** TASK ITEM **
Copy out exactly, and only, the lines from the one containing "Elevate your space" through the end of the entries. No pictures.
──────────
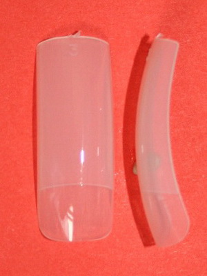 Существуют типсы, разделенные изнутри пополам. Одна часть более тонкая, другая — более толстая. Часть тоньше называется поверхностью наложения, именно ее наклеивают на ногтевую пластину. Более толстая часть является основной частью типса и выполняет функцию свободного края ногтя.
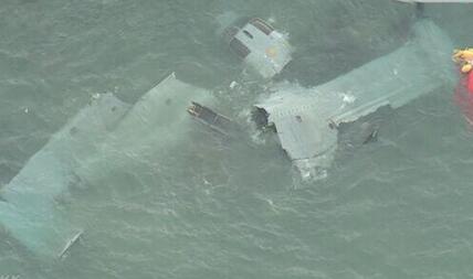 日本NHK电视台视频画面:部分机体还在海上漂流
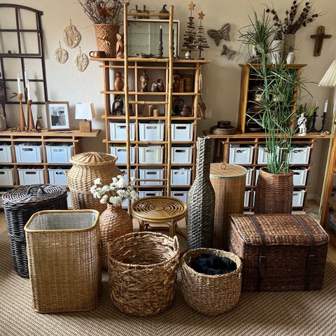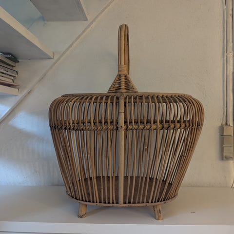 Smuk flettet kurv i bambus, 50 cm høj, 44 cm bred
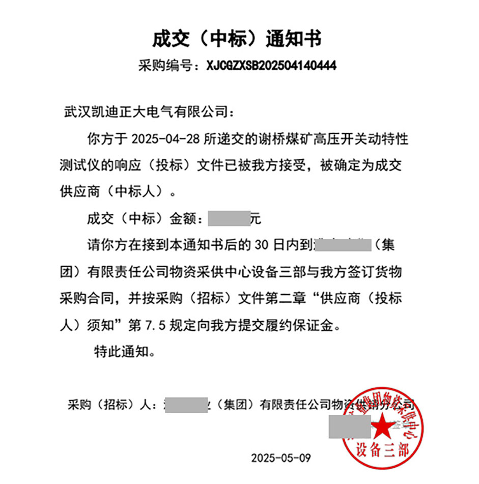 恭喜武漢凱迪正大成功中標淮南某集團高壓開關動特性測試儀項目
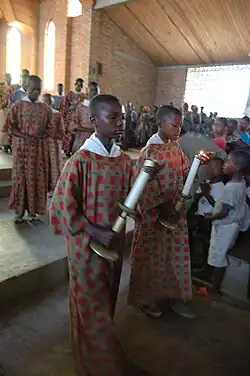 - ↑ Joseph Ratzinger, L'esprit de la liturgie (Ad Solem Éditions SA, Genève, 2001, "Le corps dans la liturgie", p.157: "Ce qu'on appelle ainsi dans la liturgie éthiopienne ou dans la forme zaïroise de la liturgie romaine, est en fait une procession en cadence, tout à fait appropriée à la dignité de la liturgie. Cette démarche rythmée confère une unité et une ordonnance aux différents moments de la liturgie, une beauté et une dignité à la mesure de Dieu"]
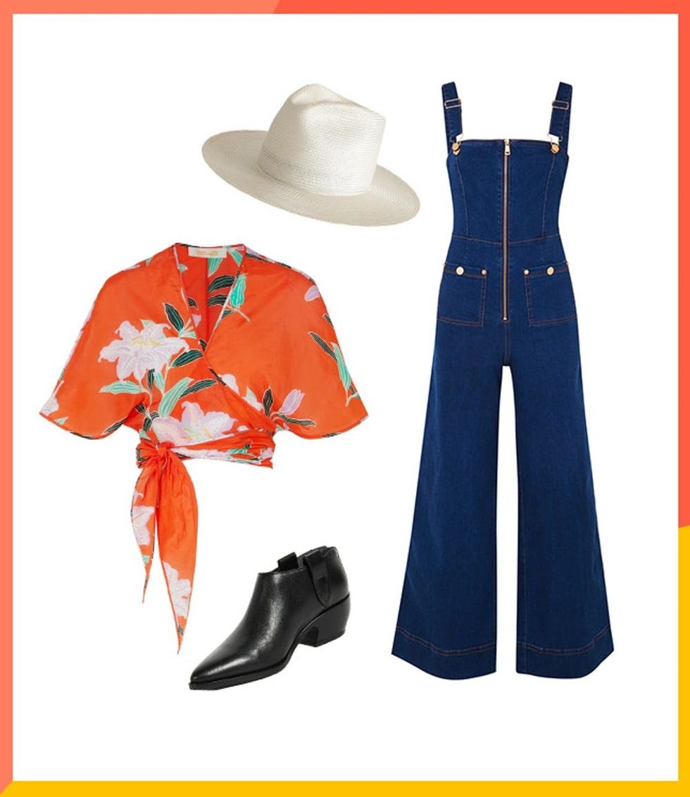 Clockwise from top left: Janessa Leoné Alexander ($295), Alice McCall Quincy Denim Overalls ($310), Sigerson Morrison Dorie Ankle Boots ($395), Diane von Furstenberg Printed Cotton Wrap Top ($190)
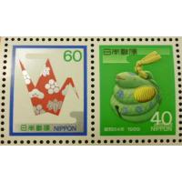 未使用★小型切手シート★日本の年賀切手・土鈴の蛇&折鶴★
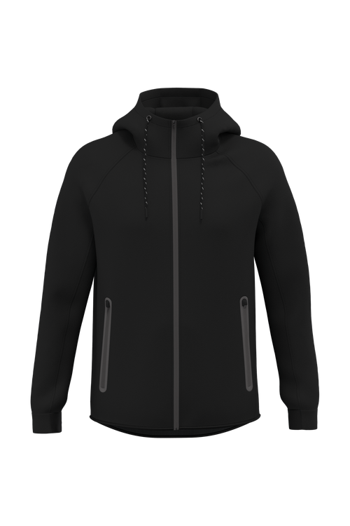 La chaqueta de chándal con capucha mujer es la elección perfecta para quienes buscan una combinación de confort y moda. Confeccionada con un 94% de poliéster y un 6% de elastano, esta chaqueta ofrece una sensación suave y elástica que se adapta a cualquier movimiento. El cierre con cremallera y los dos bolsillos delanteros con cremallera y acabados con sellado térmico garantizan practicidad y seguridad para llevar tus pertenencias. Además, el forro de la capucha en punto jersey y el cordón de ajuste bicolor con punta de plástico añaden un toque de estilo único.
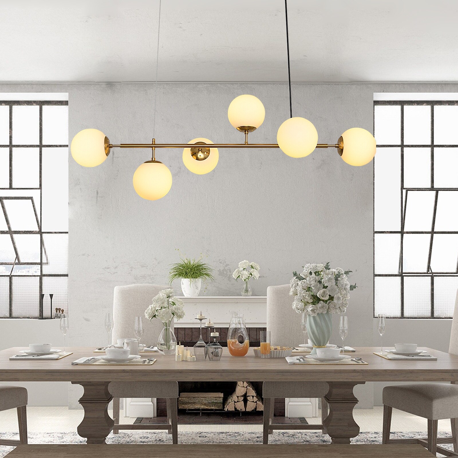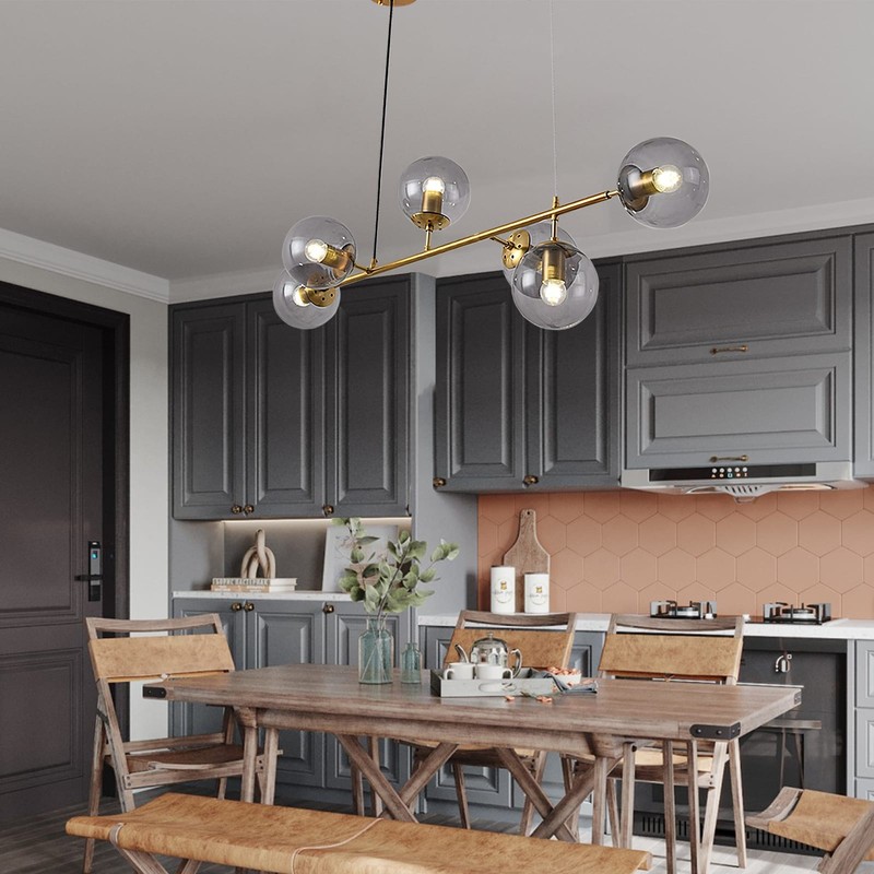 Elevate your space with this exquisite Modern 6 Light Chandelier Light Fixture. The Mid-Century Gold finish and Frosted Glass Globes create a contemporary look that will illuminate any room in your home.
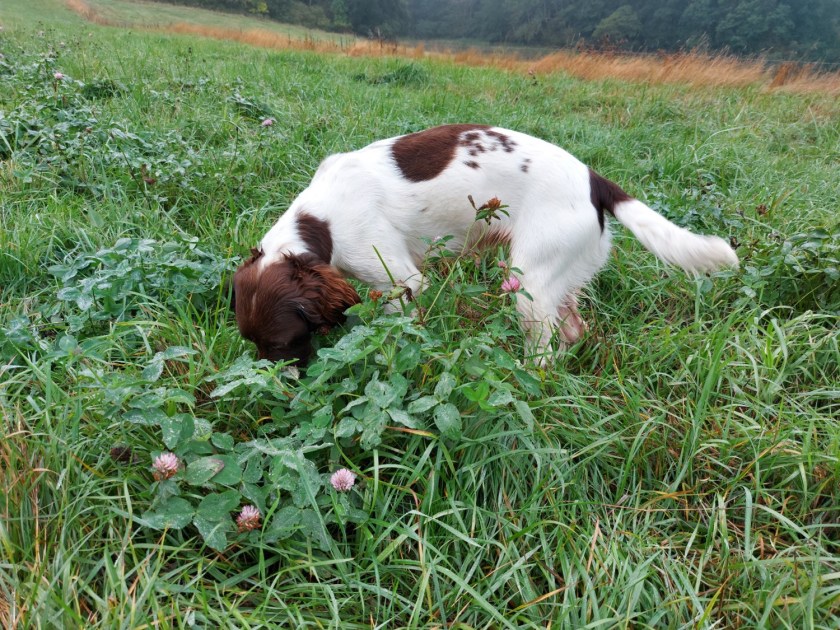 Begge hunde undersøger hver en græstue, når vi går markture. Man ved jo aldrig, hvor der kunne gemme sig en fasan, vel?
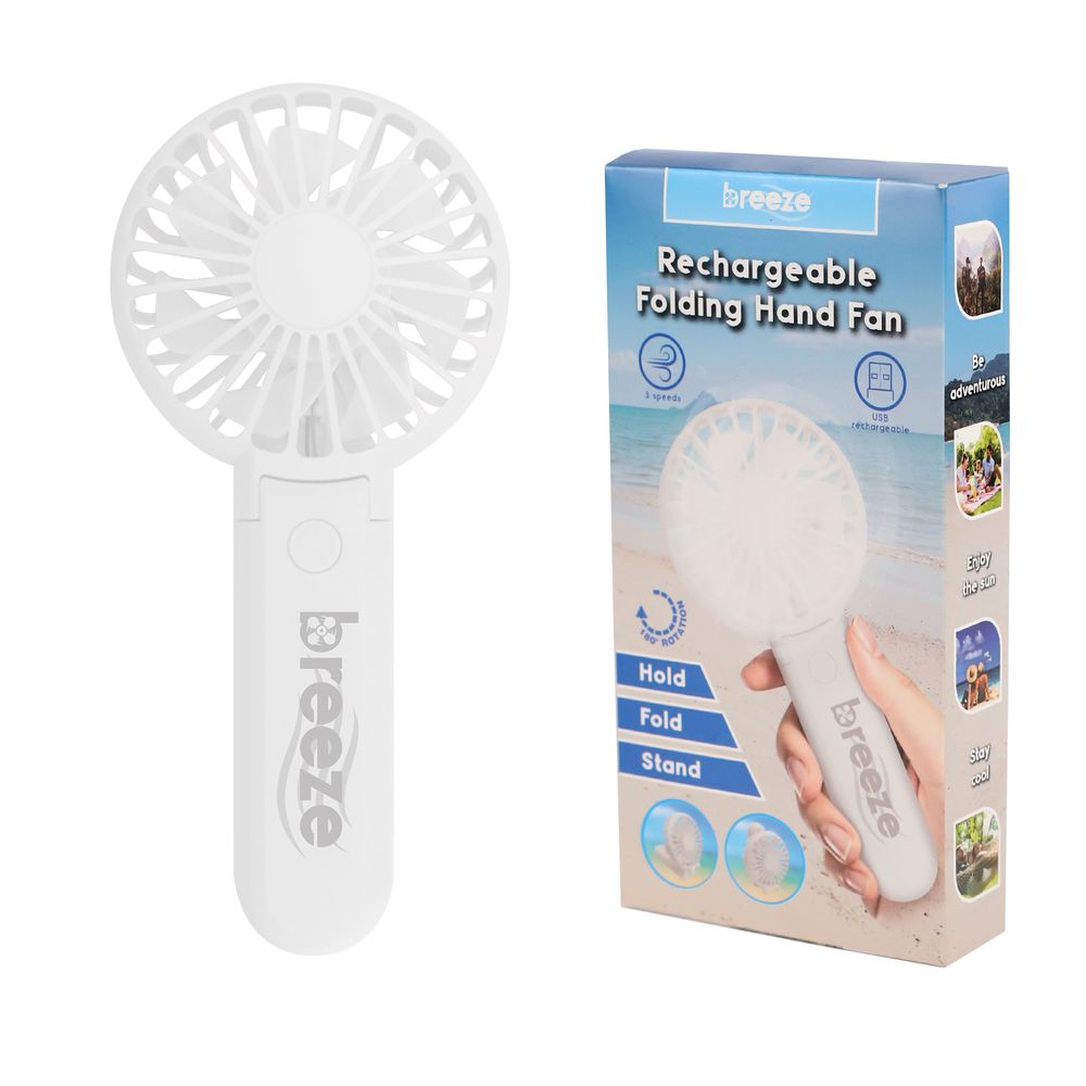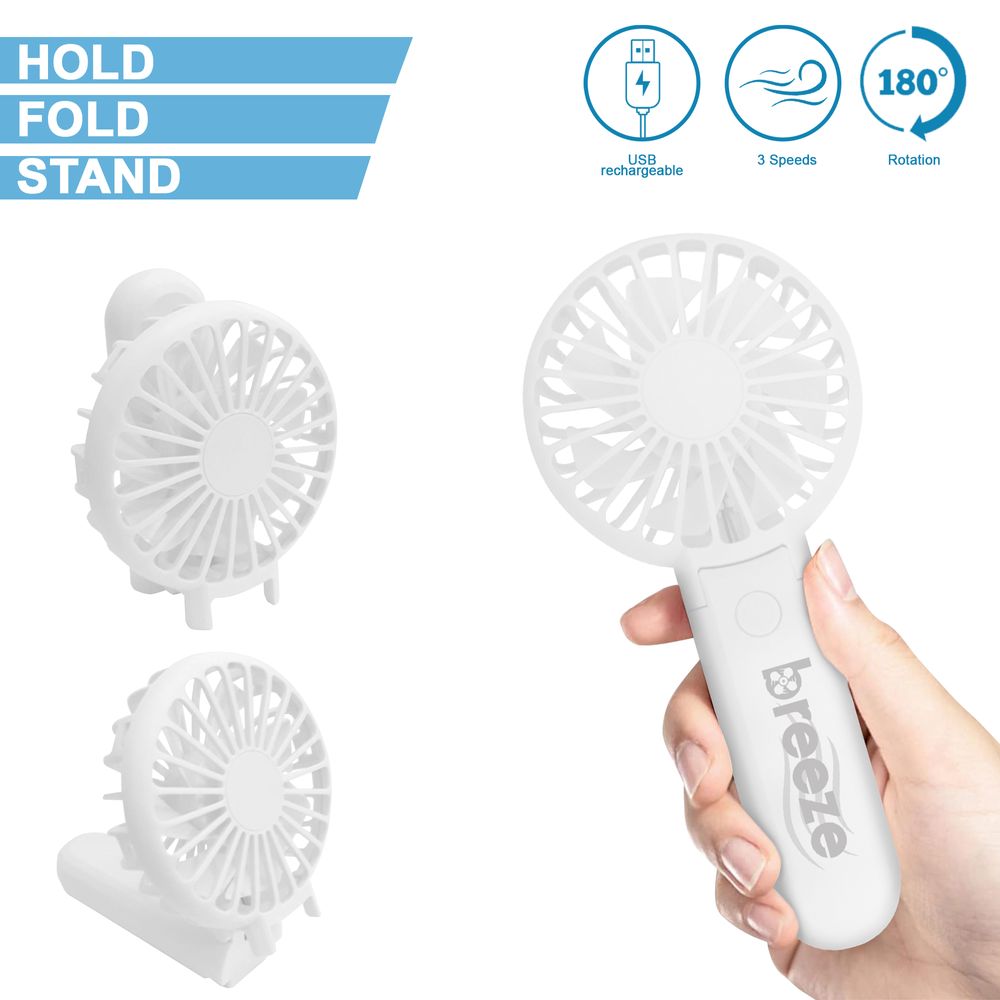 HOLD, FOLD, STAND. 800mAh. USB rechargeable. Low noise. 1 button ON/OFF switch. 3 speeds. USB cable included. 180 degrees rotation. Available in 3 colours:White, Pink, Black.
──────────
** EXERCISE OUTPUT **
 Elevate your space with this exquisite Modern 6 Light Chandelier Light Fixture. The Mid-Century Gold finish and Frosted Glass Globes create a contemporary look that will illuminate any room in your home.
 Begge hunde undersøger hver en græstue, når vi går markture. Man ved jo aldrig, hvor der kunne gemme sig en fasan, vel?
 HOLD, FOLD, STAND. 800mAh. USB rechargeable. Low noise. 1 button ON/OFF switch. 3 speeds. USB cable included. 180 degrees rotation. Available in 3 colours:White, Pink, Black.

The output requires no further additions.